» Your assignment: Transcribe the listing exactly, so that nothing but the pictures is missing.

» Supplied material:
^^^^^^^^^^^^^^^^

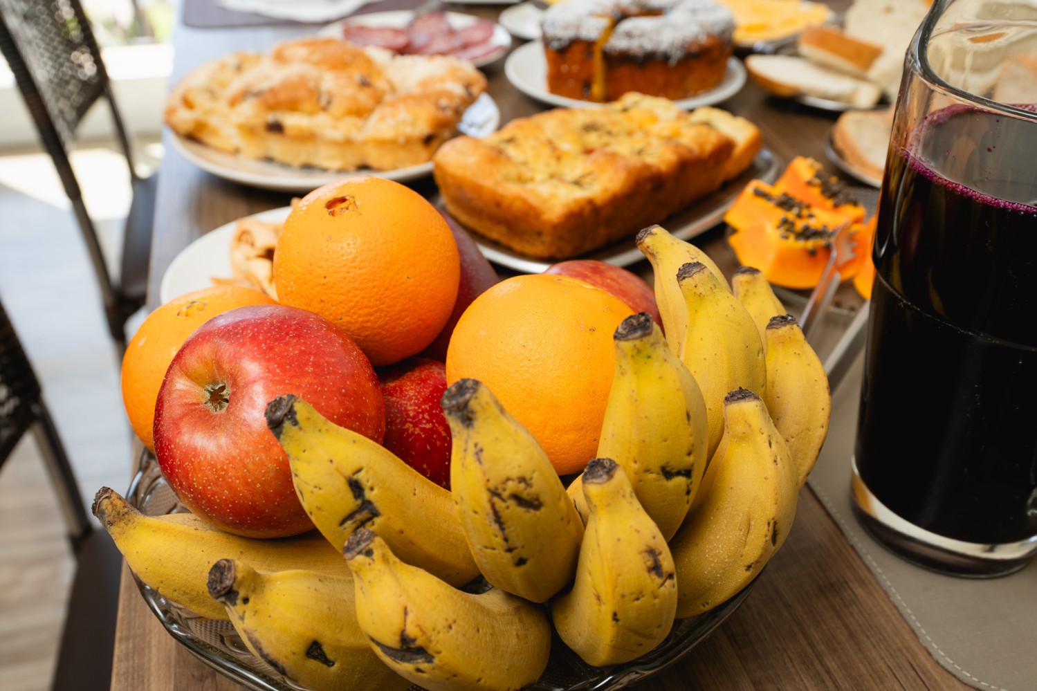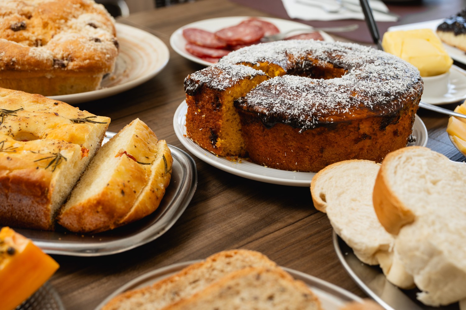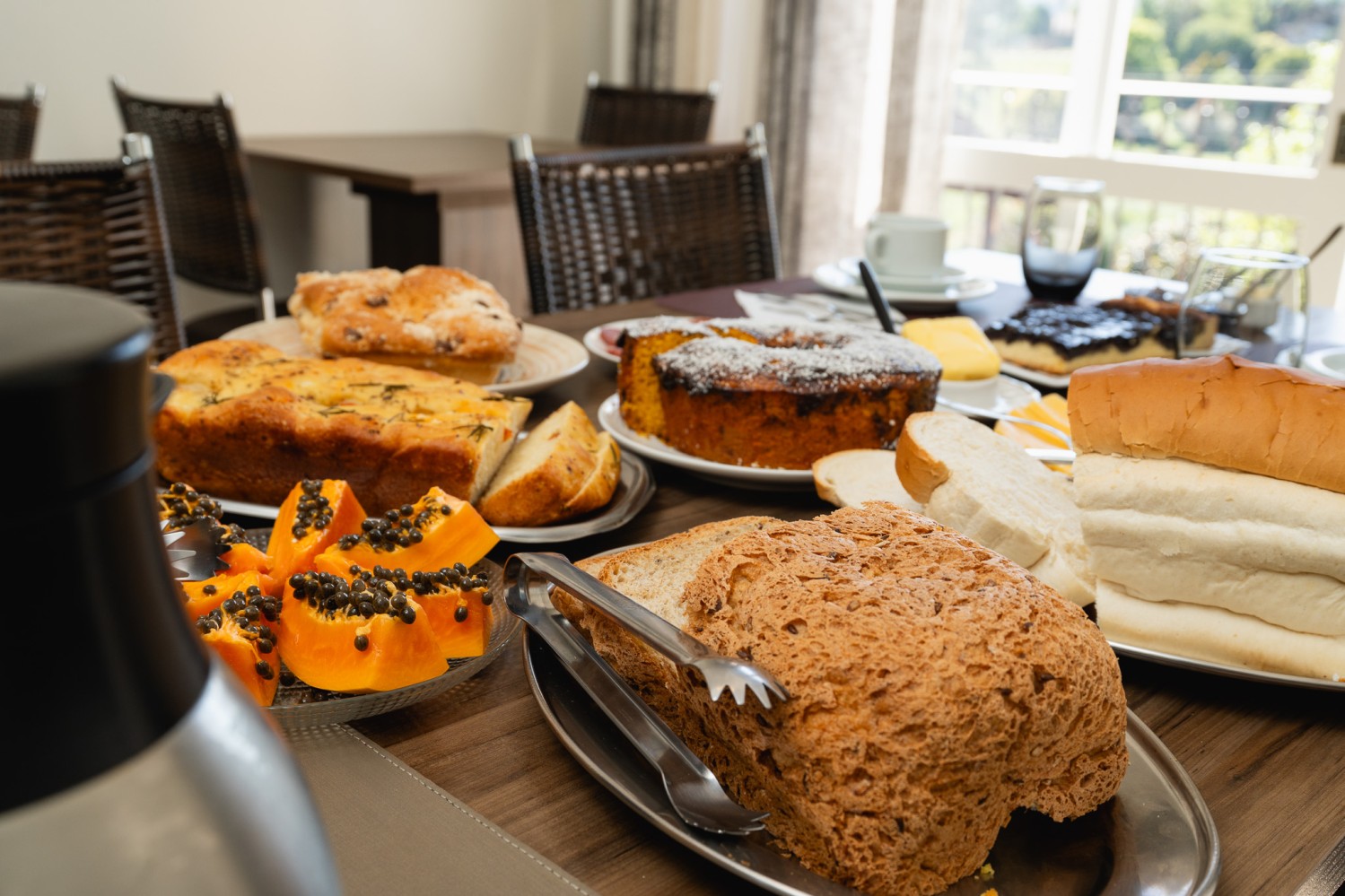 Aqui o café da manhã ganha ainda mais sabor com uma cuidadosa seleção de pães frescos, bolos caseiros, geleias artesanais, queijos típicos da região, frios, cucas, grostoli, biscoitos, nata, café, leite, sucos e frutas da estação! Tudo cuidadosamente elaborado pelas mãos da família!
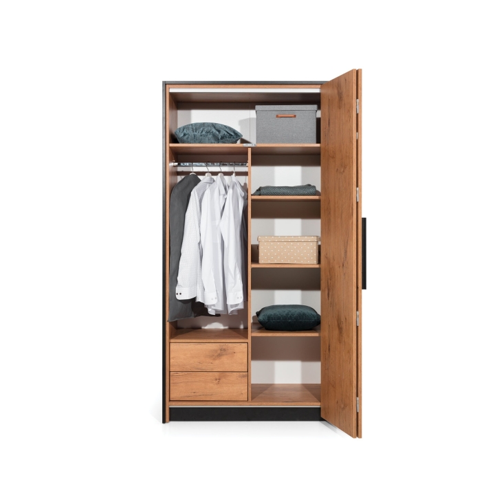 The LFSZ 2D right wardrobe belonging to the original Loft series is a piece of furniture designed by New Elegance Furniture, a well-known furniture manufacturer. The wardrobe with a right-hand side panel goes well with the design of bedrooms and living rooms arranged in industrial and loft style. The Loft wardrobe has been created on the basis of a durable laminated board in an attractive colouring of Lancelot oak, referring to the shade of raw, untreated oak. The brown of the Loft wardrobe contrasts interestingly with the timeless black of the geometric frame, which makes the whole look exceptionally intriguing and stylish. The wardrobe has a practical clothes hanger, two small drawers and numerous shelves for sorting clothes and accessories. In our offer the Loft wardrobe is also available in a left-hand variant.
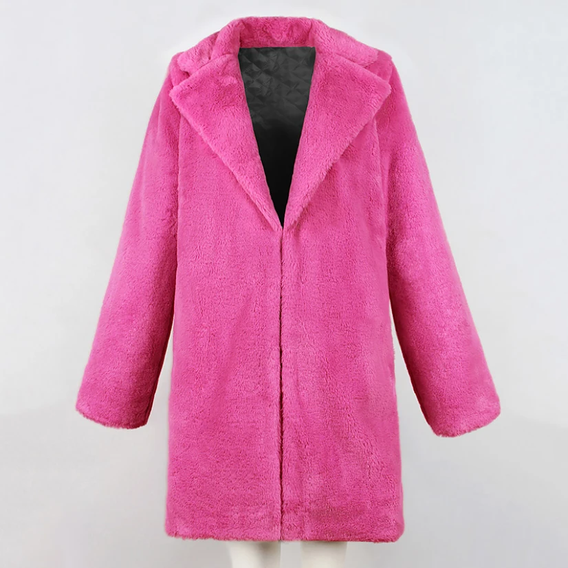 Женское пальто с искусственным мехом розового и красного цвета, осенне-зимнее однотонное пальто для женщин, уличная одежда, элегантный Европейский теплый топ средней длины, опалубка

^^^^^^^^^^^^^^^^

» Task solution:
 Aqui o café da manhã ganha ainda mais sabor com uma cuidadosa seleção de pães frescos, bolos caseiros, geleias artesanais, queijos típicos da região, frios, cucas, grostoli, biscoitos, nata, café, leite, sucos e frutas da estação! Tudo cuidadosamente elaborado pelas mãos da família!
 The LFSZ 2D right wardrobe belonging to the original Loft series is a piece of furniture designed by New Elegance Furniture, a well-known furniture manufacturer. The wardrobe with a right-hand side panel goes well with the design of bedrooms and living rooms arranged in industrial and loft style. The Loft wardrobe has been created on the basis of a durable laminated board in an attractive colouring of Lancelot oak, referring to the shade of raw, untreated oak. The brown of the Loft wardrobe contrasts interestingly with the timeless black of the geometric frame, which makes the whole look exceptionally intriguing and stylish. The wardrobe has a practical clothes hanger, two small drawers and numerous shelves for sorting clothes and accessories. In our offer the Loft wardrobe is also available in a left-hand variant.
 Женское пальто с искусственным мехом розового и красного цвета, осенне-зимнее однотонное пальто для женщин, уличная одежда, элегантный Европейский теплый топ средней длины, опалубка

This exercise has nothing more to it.